Baseball America and both put 50 grades on his fielding and both see him with a plus arm. 

Beavers said the O’s farm players are riding the wave of success in the organization right now, from the MLB team with 70 wins to the No. 1 ranked farm.

“It’s nice to be a part of it. Be part of a winning culture and organization that is moving forward and trending upward. I want to be around the best players and prospects, and I am enjoying this,” he said. 

And no doubt it’s a selling point for the O’s minor league coaches to have prospects like Gunnar Henderson, Jordan Westburg and Colton Cowser get to Baltimore. 

“It’s just nice reassurance that there is a process you should trust,” said Beavers. “And even if you don’t get those results right away, if you trust and stick with it, it will all work out in your favor.”

And there seems to be a strong chemistry among the farm players, just like there is in the major league clubhouse.

"I think we have a lot of different personalities at every level I’ve been to since I signed last year. There are a lot of good guys in this organization," he said.

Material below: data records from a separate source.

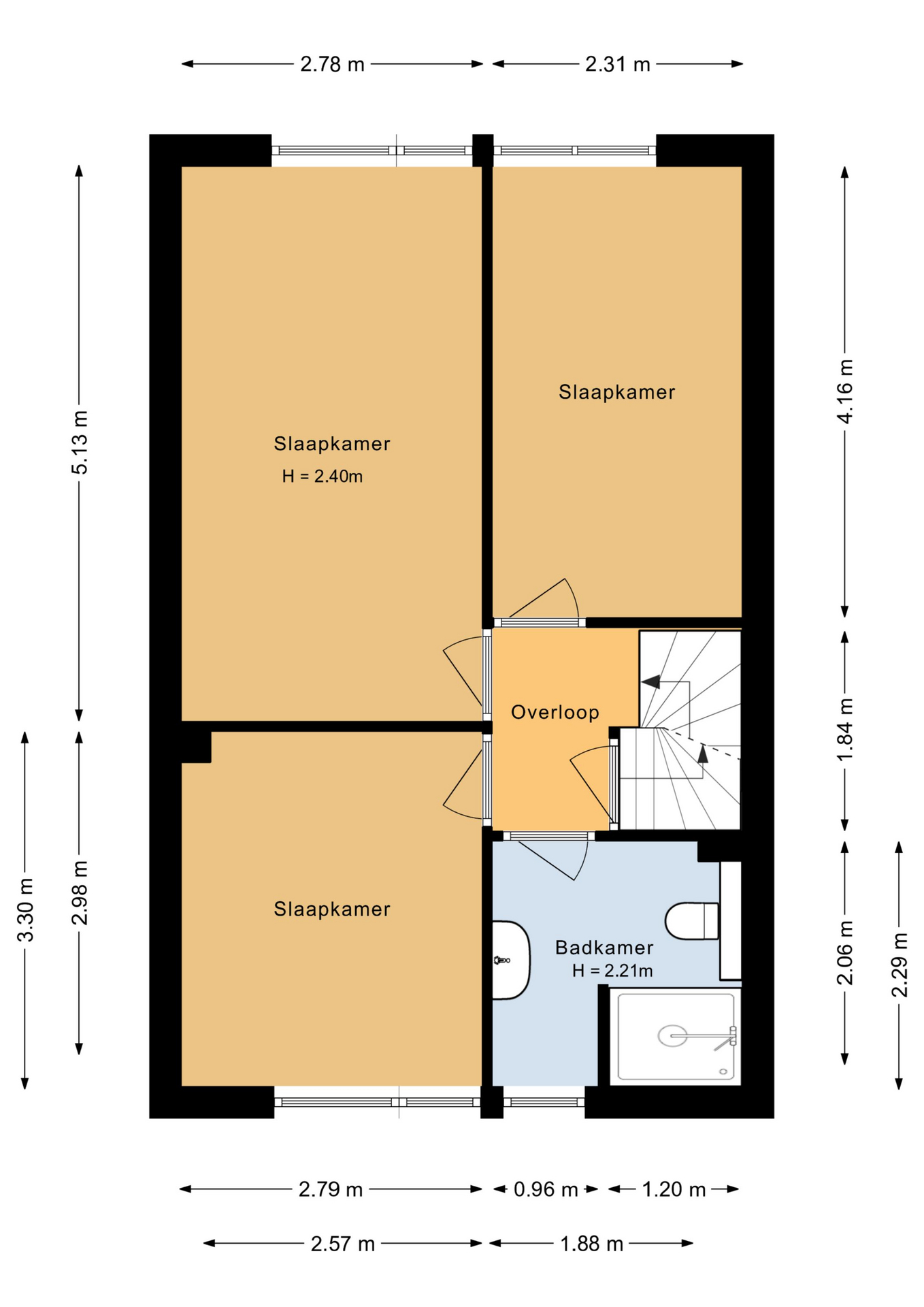 Overloop met toegang tot 3 ruime slaapkamers (ca. 14 / 10 / 9 m2). Volledig betegelde badkamer met een douche, 2e toilet, wastafelmeubel, designradiator en een raam voor de natuurlijke ventilatie. De verdieping is voorzien van een vinylvloer.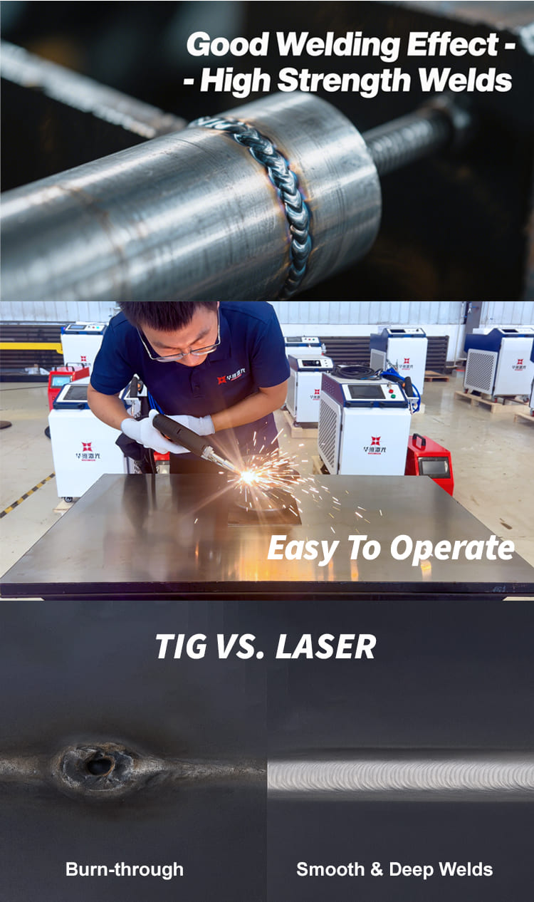 ★Good welding effect: Beautiful and smooth welds, no or few pores, small heat affected zone.The strength of the weld can reach or even exceed the base material itself.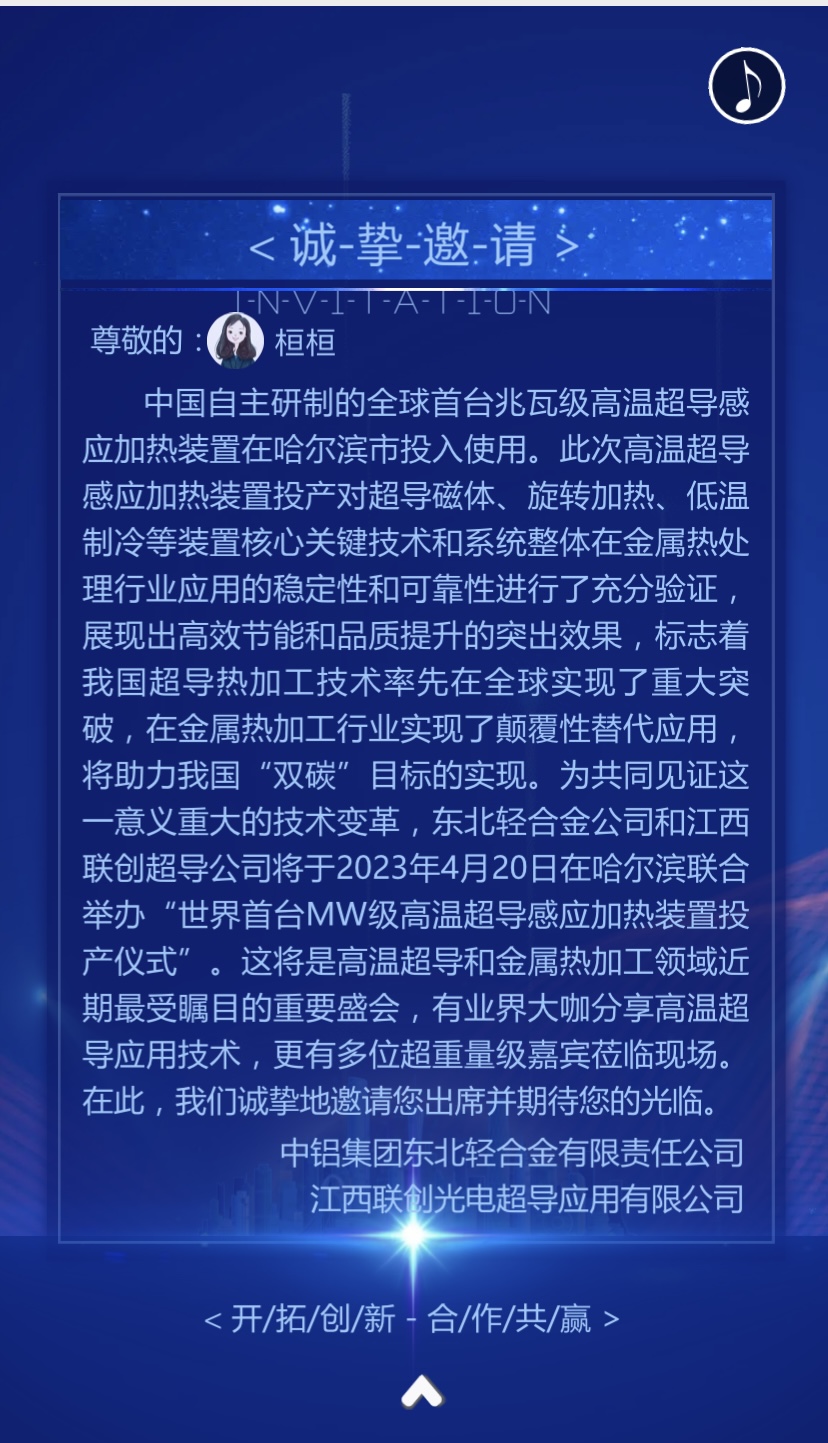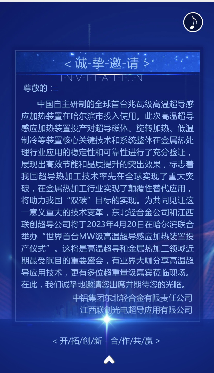 世界首臺MW級高溫超導感應加熱裝置投產(chǎn)儀式邀請函

Now his goals for the rest of the year include having the ability to take the high level he is now playing at and stay there.

“I’m just trying to keep it simple. Show up every day and put my best foot forward. Make the adjustments to pitching at this level. Keep up with the speed of the game. Keep it simple and finish out the season healthy are the two main things I am working on now," Beavers said. 

Top draft moves to Delmarva: The Orioles will move five players from their 2023 MLB Draft from their Florida Complex League team to low Single-A Delmarva, including their top draft pick, Vanderbilt outfielder Enrique Bradfield Jr.

Bradfield went 5-for-9 (.556) in three FCL games including a double and scored three runs. He was the No. 17 overall pick last month.

The Orioles are also sending to Delmarva from the FCL roster, UNC outfielder Mac Horvath their second round pick, third-rounder, outfielder Tavian Josenberger, from Arkansas along with Southern Miss outfielder Matthew Etzel (round 10) and North Greenville University shortstop Jalen Vasquez (round 20).

In three FCL games, Horvath went 5-for-9 (.556) with a homer, two doubles and three RBIs. Josenberger was 0-for-6 in three games while Etzel went 5-for-11 (.455) and Vasquez was 1-for-5 (.200).